Every guy with a family feels the urge to pack a bag, get in the car and drive. At least, sometimes.

A client told me that – a straight guy with kids. I don’t think it’s a straight thing, though. It might not be a guy thing, either. It can be a lawyer thing. Any lawyer with loans experiences the impulse to hit the highway.

When you’re “The Provider,” you do constant battle with the itch to hightail it out of town.

Who’s “The Provider”? It’s someone you morph into. A character from an Updike novel…or maybe it’s Cheever. Maybe it’s Mad Men.

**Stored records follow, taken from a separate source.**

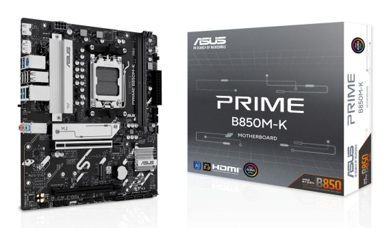 ASUS Prime series motherboards are expertly engineered to unleash the full potential of AMD Ryzen™ 9000 series processors. The PRIME B850M-K motherboard provides users and PC DIY builders with a range of performance optimizations via intuitive software and firmware features. It's designed to be Advanced AI PC-ready, offering the power and connectivity needed for demanding AI applications.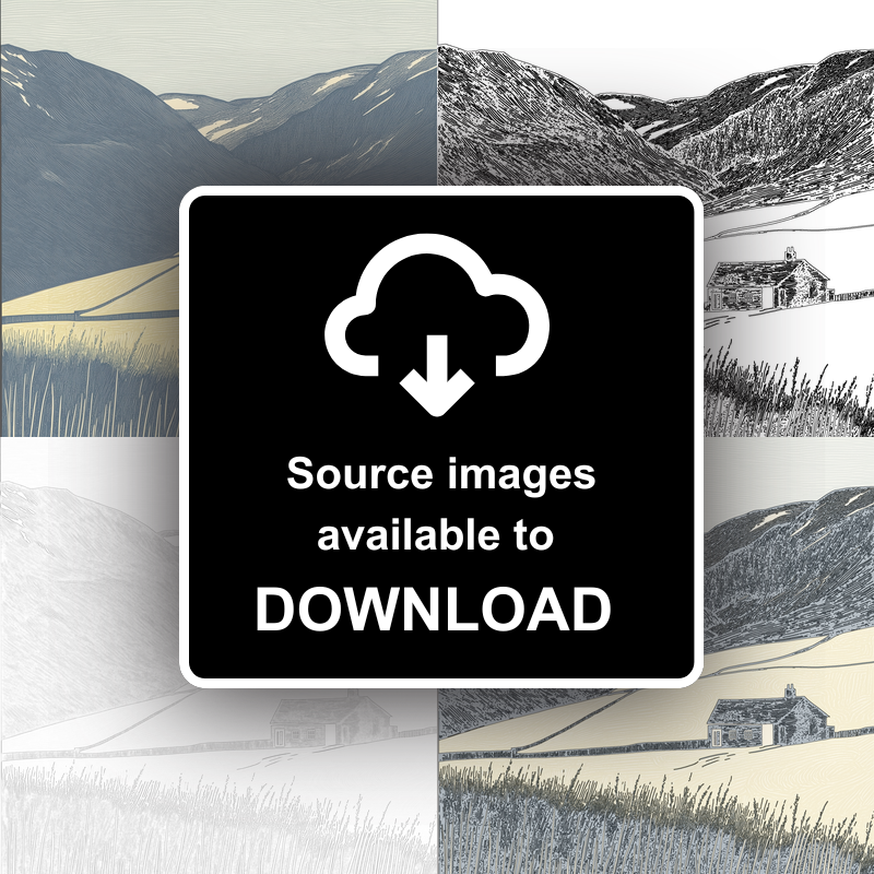 This striking lino-print style artwork captures the tranquil beauty of Place Fell, one of the Lake District’s most beloved peaks. Rendered in a contemporary palette, the image features undulating hills in muted blue-greys, their textured lines echoing the craft of traditional printmaking. In the foreground, finely detailed grasses give way to a sunlit meadow in soft, creamy yellow. A charming white-framed cottage nestles at the foot of the hills, offering a sense of serenity and welcome in this idyllic landscape. The composition’s crisp contours and gentle gradients evoke the peace and solitude found in the Lake District, making this print ideal for any lover of Britain’s natural beauty. Available framed in your choice of black or white, and in two sizes (36cm and 46cm square), it promises to become a focal point in any room. For creative souls, we also offer a unique digital package featuring the source images, line drawings, and initial sketches—perfect for those wishing to craft their own lino print at home. This piece is part of our exclusive Lake District collection, celebrating the charm and grandeur of Northern England’s iconic landscapes.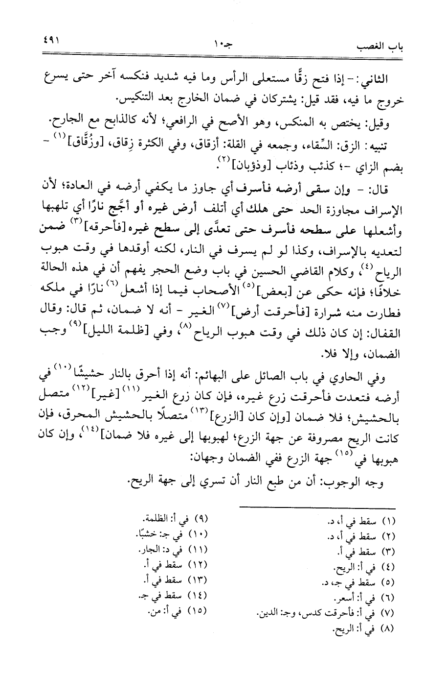 قال: -وإن سقي أرضه فأسرف أي جاوز ما يكفي أرضه في العادة؛ لأن الإسراف مجاوزة الحد حتى هلك أي أتلف أرض غيره أو أجَّج ناراً أي تلهبها وأشعلها على سطحه فأسرف حتى تعدَّى إلى سطح غيره [فأحرقه] ضمن لتعديه بالإسراف، وكذا لو لم يسرف في النار، لكنه أوقدها في قوت هبوب الرياح، وكلام القاضي الحسين في باب وضع الحجر يفهم أن في هذه الحالة خلافاً؛ فإنه حكى عن [بعض] الأصحاب فيما إذا أشعل ناراً في ملكه فطارت منه شرارة [فأحرقت أرض] الغير – انه لا ضمان، ثم قال: وقال القفال: إن كان ذلك في وقت هبوب الرياح، وفي [ظلمة الليل] وجب الضمان، وإلا فلا.

You become a cliché from 1950’s or early 60’s tv shows: Dad, who arrives home, pecks the wife on the cheek, tousles the kids’ hair, then collapses into a La-Z-Boy and reads the paper while the golden retriever fetches your bedroom slippers.

…Except it sucks bad enough that you’re feeling the urge to pack a bag, get in the car and drive.

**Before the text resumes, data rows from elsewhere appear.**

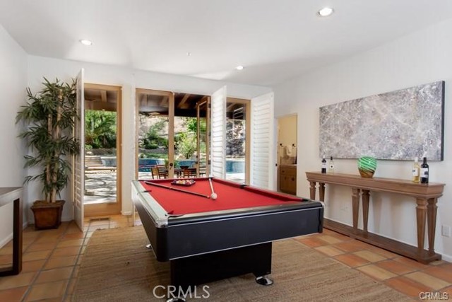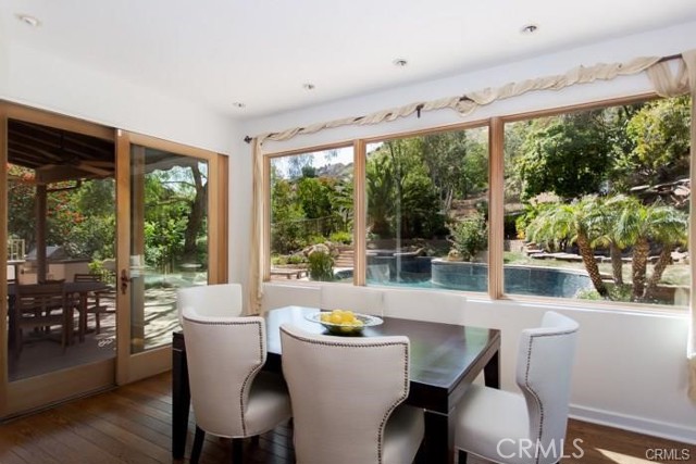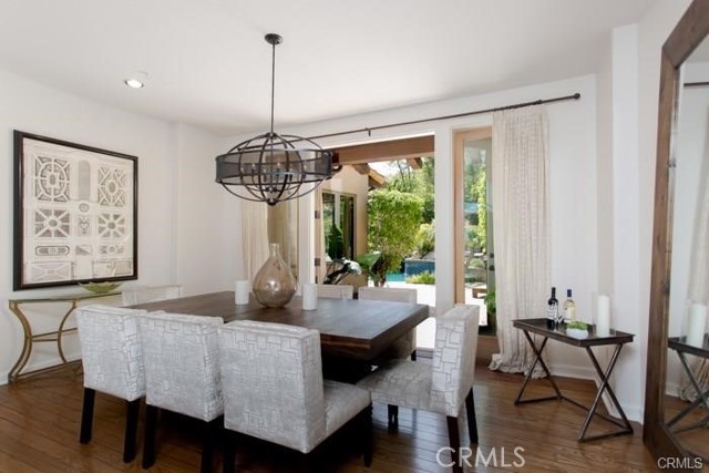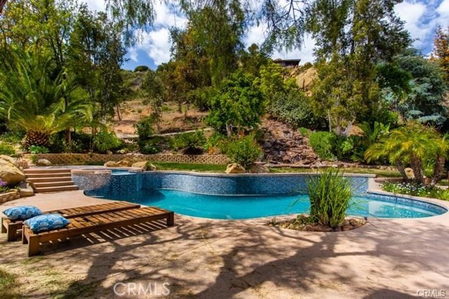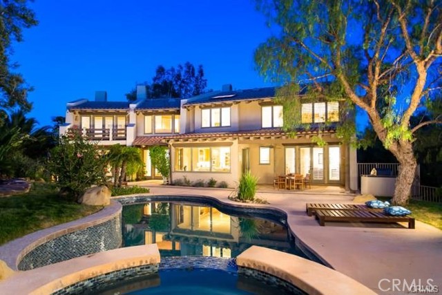 Located in the prestigious guard gated community of Bell Canyon, this custom Spanish Hacienda inspired estate is loaded with style and charm. The stunning architecture, quality construction, rare parking for at least 10+ cars, and very private natural setting all combine to create the perfect entertainer's retreat. The open and flowing floor plan features an impressive entry with sweeping staircase and two story vaulted ceilings. The inviting living room features vaulted wood beamed ceilings, a stunning centerpiece fireplace and rich hardwood flooring. The grand dining room is scaled perfect for huge gatherings or an intimate candlelit dinner with views onto the gardens. The comfortable Family room is the perfect place to gather complete with hardwood floors and custom built ins. Take comfort in the private study or enjoy a game of pool in the billiards room. The granite center island kitchen is every gourmet chefs envy with a spacious breakfast nook with views onto the beautiful manicured rear grounds. The romantic master bedroom suite offers vaulted tongue and groove ceilings, a huge sitting area and custom fireplace. The 2 acre grounds offer spacious patios, lush landscape, a freeform pool and spa all with plenty of space for horses, play fields or what ever you wish.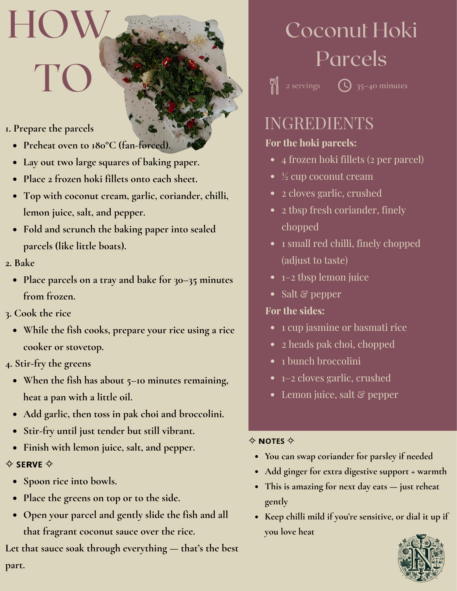 Hoki is such a mild, flaky white fish, so it doesn’t have that overpowering “fishy” taste that can put people off. When it’s baked in coconut cream with garlic, chilli, and fresh herbs, it becomes rich, fragrant, and honestly feels like something you’d order out… but it’s so simple.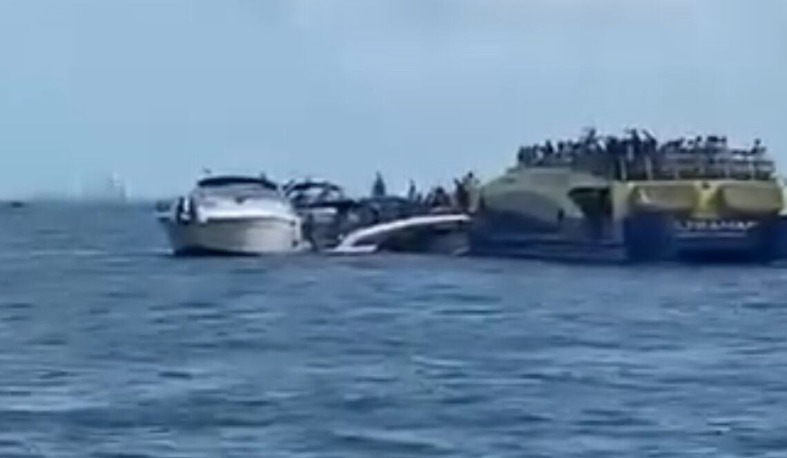 Según testigos, el yate intentó ganarle el paso al ferry y terminó impactándose, lo que provocó el accidente.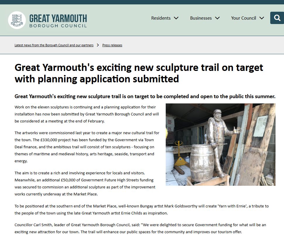 Karen and the family are excited to announce that Mark Goldsworthy, Artist and Sculptor based in Bungay, Suffolk, has been commissioned to design and create a bronze sculpture commemorating Ernie to be erected as part of the Sculpture Trail mentioned in the articles below.

I’m not saying getting married and having kids is terrible. That’s how you got into this mess – you want the wife and the kids. As one of my clients bemoaned, “I want to be a good father. I want to be a good husband. I just can’t pull it off with this job, and it’s killing me.”

The problem is trying to be a lawyer and The Provider at the same time. That’s the part that doesn’t work.

The basic principle, when you’re The Provider, is simple: you pay for everything. This has a certain seductive quality. Many lawyers get into this work because they want to be The Provider. Maybe your father didn’t earn much, and mom had to work and hated it. Or there simply wasn’t enough money to go around. Or you’re the first in your family to go to college or grad school – or earn six figures. It’s a thrill, making it up there, conquering a new plateau of stability and social achievement. You want to bring everyone else up with you.

Or maybe this is what everyone’s always expected of you because it’s what they expected of themselves. You’ll be like dad, or your father-in-law. They were The Providers in their day. They pulled it off. Why can’t you?

It’s easy to get sucked in. You’ll have a big house, a few kids – maybe some leftover cash to lavish on mom and dad. “Let me fill your tank,” you’ll offer, without a care. “You deserve it.”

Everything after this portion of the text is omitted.